When a value is converted to a signed integer type but cannot be represented in that type, overflow occurs, and the behavior is undefined. It is common to see results as if a two’s complement encoding is used and as if the low bits are stored (or, equivalently, the value is wrapped modulo an appropriate power of two). However, you cannot rely on this behavior. The C standard says that, when signed integer overflow occurs, the behavior is undefined. So a compiler may act in surprising ways.

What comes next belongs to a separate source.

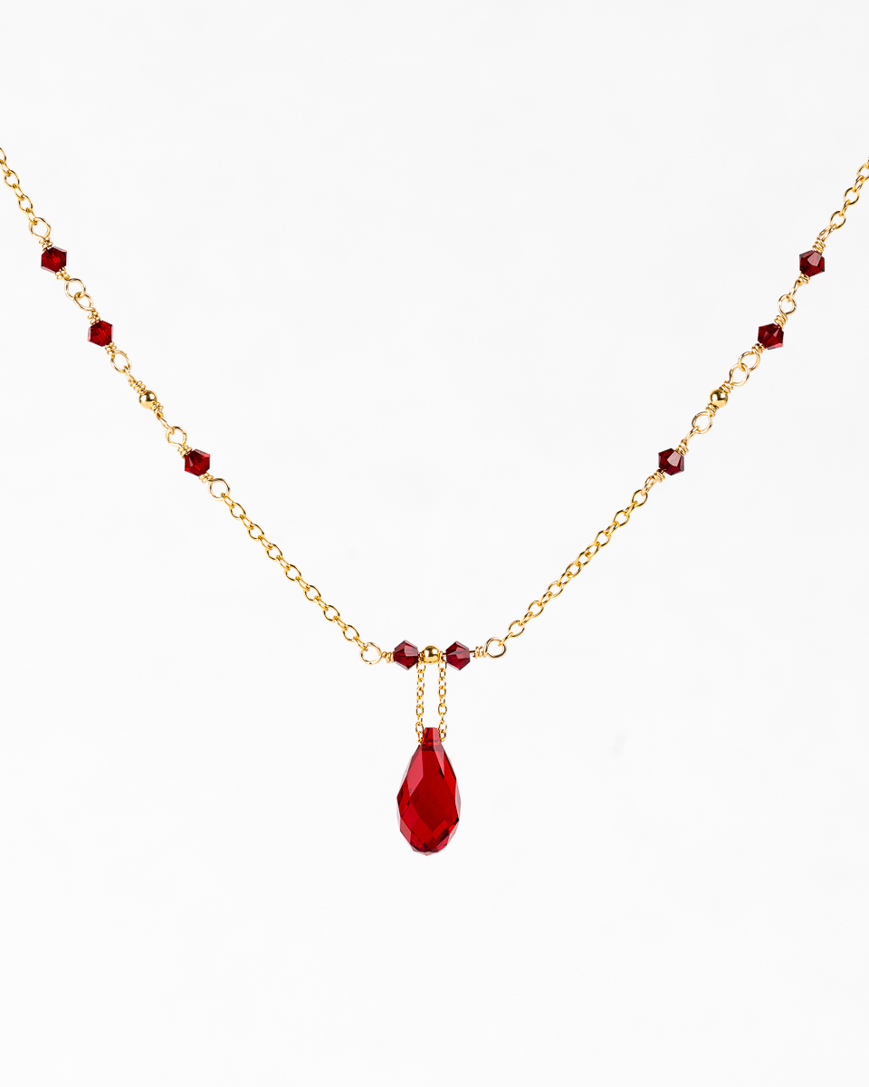 Le collier Erna se distingue par son pendant central de 2 cm, sublimé par une goutte de cristal de 1,1 cm qui révèle toute sa beauté au contact de la lumière. Cette pièce courte, ajustable de 40 à 45 cm, apporte de l’élégance à votre décolleté.

Consider this code, compiled for a target where short int
is 16 bits:
void foo(int a, int b)
{
if (a)
{
short int x = b;
printf("x is %hd.\n", x);
}
else
{
printf("x is not assigned.\n");
}
}
void bar(int a, int b)
{
if (b == 65536)
foo(a, b);
}
Observe that foo
is a perfectly fine function on its own, provided b
is within range of a short int
. And bar
is a perfectly fine function, as long as it is called only with a
equal to zero or b
not equal to 65536.
While the compiler is in-lining foo
in bar
, it may deduce from the fact that b
must be 65536 at this point, that there would be an overflow in short int x = b;
. This implies either that this path is never taken (i.e., a
must be zero) or that any behavior is permitted (because the behavior upon overflow is undefined by the C standard). In either case, the compiler is free to omit this code path. Thus, for optimization, the compiler could omit this path and generate code only for printf("x is not assigned.\n");
. If you then executed code containing bar(1, 65536)
, the output would be “x is not assigned.”!
Compilers do make optimizations of this sort: The observation that one code path has undefined behavior implies the compiler may conclude that code path is never used.
To an observer, it looks like the effect of assigning a too-large value to a short int
is to cause completely different code to be executed.